White-tailed Deer
When
I was a youngster, I spent as much time in the woods as possible, but I
never saw a wild deer. Instead, I was enthralled by the deer bred
at Bays Mountain Park in Kingsport, dreaming of stumbling across their
graceful forms as I hiked my favorite trails. After leaving for
college, I distinctly remember my mother emailing me about the wild
deer she startled on the Clinch Mountain --- both of us were awestruck
by her close encounter with such an amazing animal.
That was ten
years ago. Now, I count myself lucky if I go a whole day without
seeing a deer. The beasts eat my garden down to the roots, chop
the limbs off my young apple trees, and generally make a nuisance of
themselves.
Even so, our
deer problem is not quite as bad as folks have it a few hundred miles
north. In 2001, I spent a year working on a preserve in the
eastern panhandle of West Virginia where the deer population hovered
around 45 deer per square mile. I was shocked by the deer browse
line in the park’s forest --- every plant within deer reach had been
decimated.

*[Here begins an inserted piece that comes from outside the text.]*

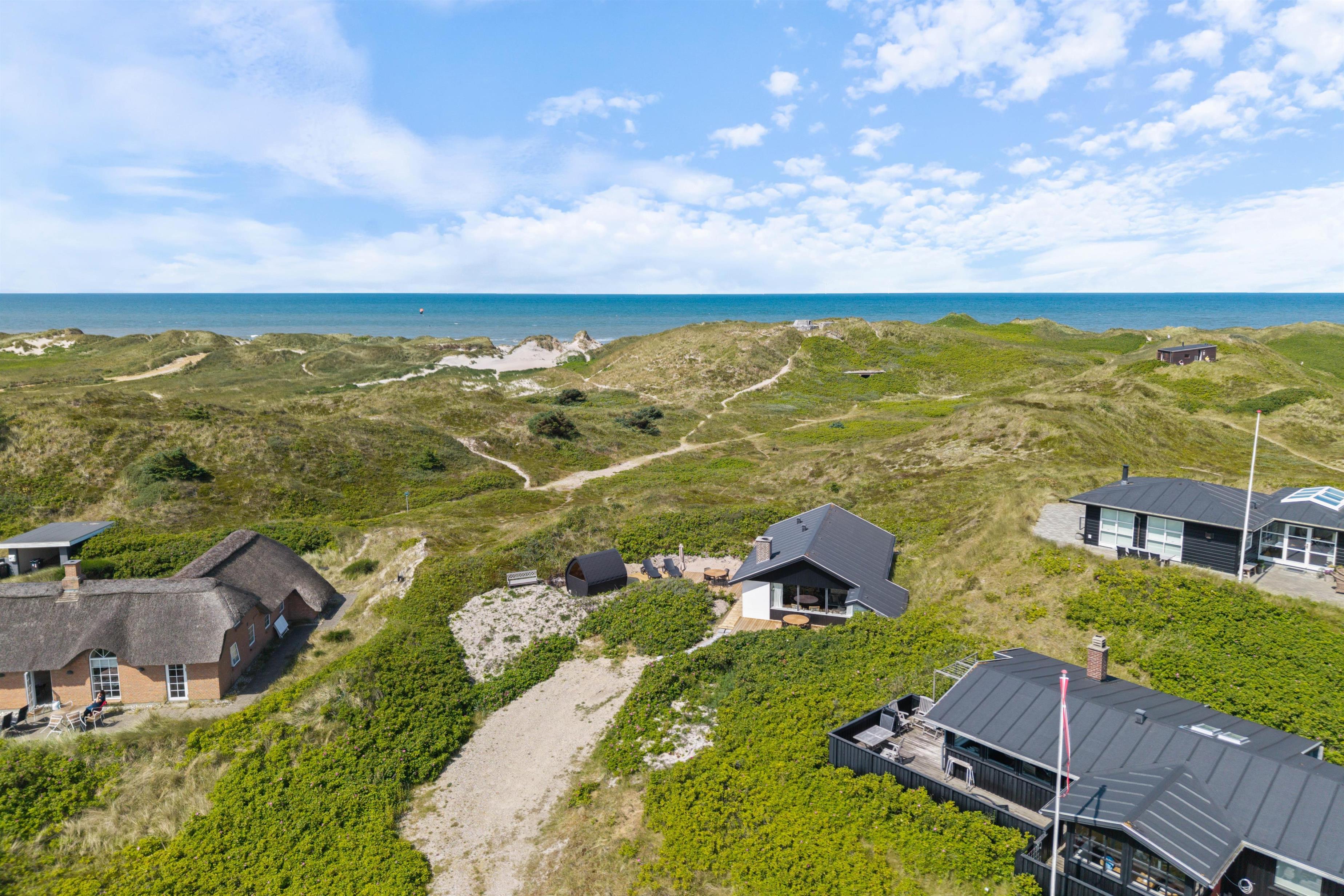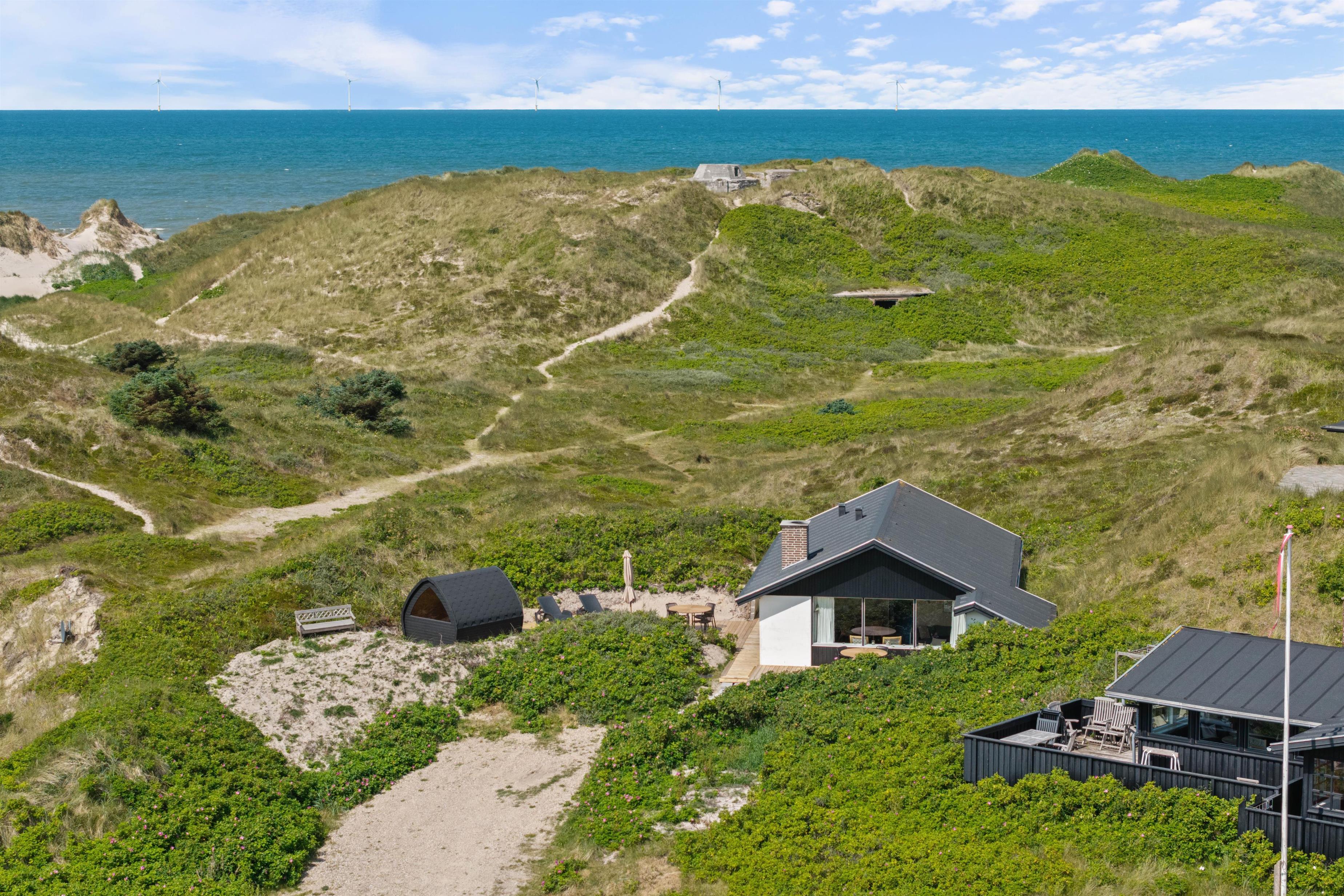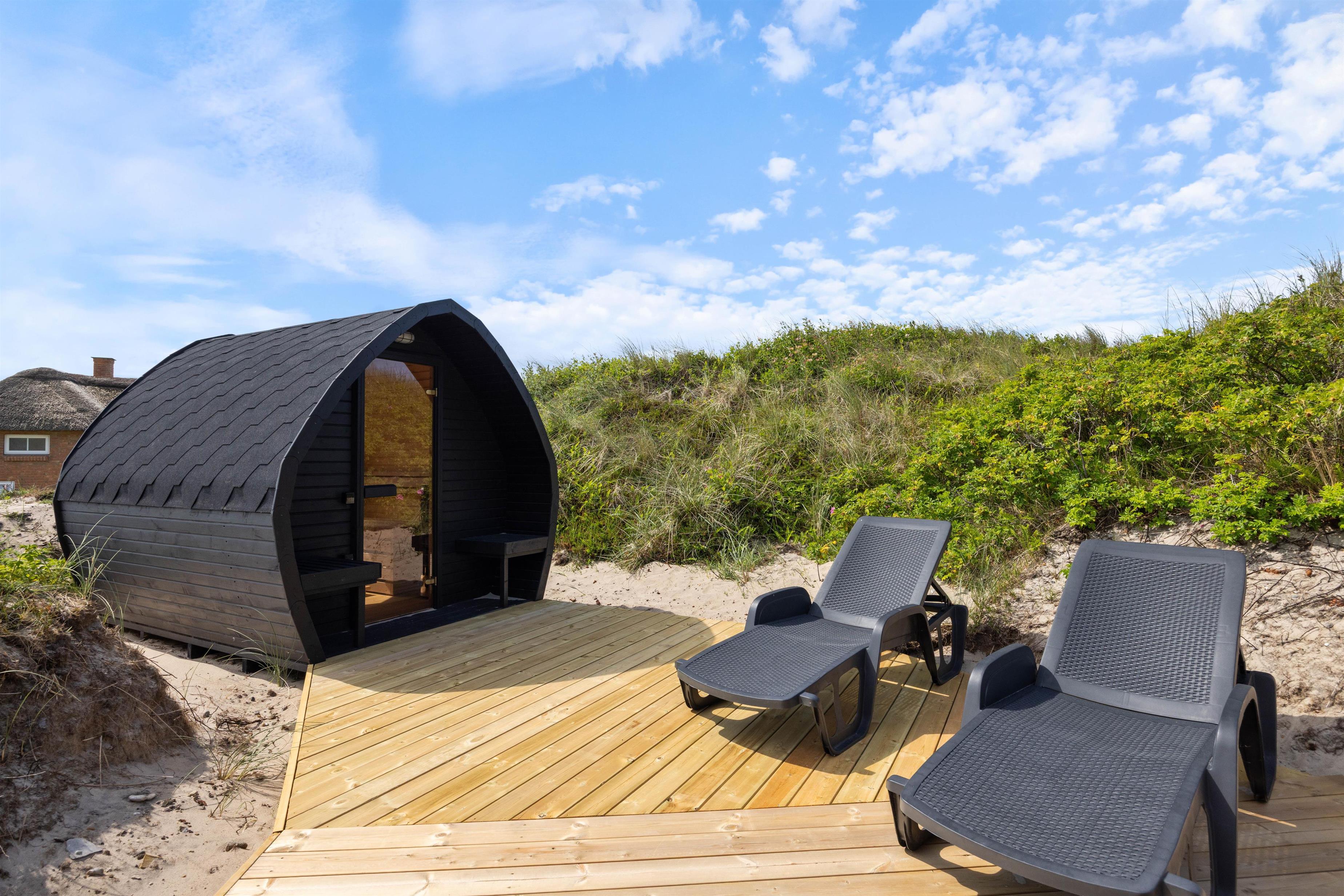 Som en af de unikke funktioner i dette sommerhus i Søndervig, er en udendørs sauna til jeres rådighed. Dette er en fantastisk mulighed for at forkæle jer selv efter en dag ved stranden eller en lang gåtur i området. I har en Chromecast tilgængelig for dem, der ønsker lidt ekstra underholdning eller filmhygge om aftenen. I har her mulighed for at medbringe jeres hund, så hele familien kan holde en god ferie sammen. De store udendørs arealer og den korte afstand til havet gør dette sommerhus til den perfekte destination for jer, der ønsker at nyde ferien med hele familien, med mulighed for gode og lange gåture.

Oak forests were turning into Red Maple forests since
deer nibbled every oak seedling as soon as it poked out of the ground
while leaving Red Maples alone.
Deer
overpopulation is a new trend. Before Europeans arrived with
their guns, approximately eight deer could be found per square mile
across the United States. By 1900, though, we had nearly hunted
the deer to extinction, with only about one deer being found in every
ten square miles. In southwest Virginia, deer were effectively
absent.
Strict hunting
laws and restocking slowly built the deer population back up over the
course of the twentieth century, until suddenly the pendulum swung the
other way into overpopulation. Deer are especially prevalent in
suburbs where they have plenty of well-watered lawns to munch on, and
where they kill approximately 130 Americans per year by jumping in
front of cars. Current deer densities in Russell County average
two to three times the deer population before European settlement, and
densities in nearby Scott County may be nearing the population density
in the eastern panhandle of West Virginia.
The problem is
exacerbated by a lack of natural predators, a culture shift away from
hunting, and by state game laws that cater to hunters and promote
overpopulation. Most state game management agencies still mandate
strict limits on the number of does to be killed, a strategy that
worked well when the deer were close to extinction but now means that
hunters make little dent in the deer population. After all, it
only takes one buck to fertilize a dozen does. The Virginia
Department of Game and Inland Fisheries, for example, is currently
working to increase populations of deer on public lands in southwest
Virginia while stabilizing the population on private lands.
Although I am
tempted to start breeding wolves and mountain lions every time I go out
to dig a sweet potato and discover that the deer beat me to it, the
Quality Deer Management Association
has a better strategy that is
likely to please hunters, farmers, and city-dwellers alike. The
Association advocates new game laws that would require hunters to kill
several does each year before they are allowed to kill a buck.
The policy has been put into place in a few states already, and
scientists have noticed that as doe populations decline, buck sizes
increase --- a bonus for the deer hunters who crave massive,
twelve-point bucks. And as deer densities retreat to more
manageable levels, the forest begins to recover. Perhaps in my
lifetime, seeing a deer will once again be a mystical experience.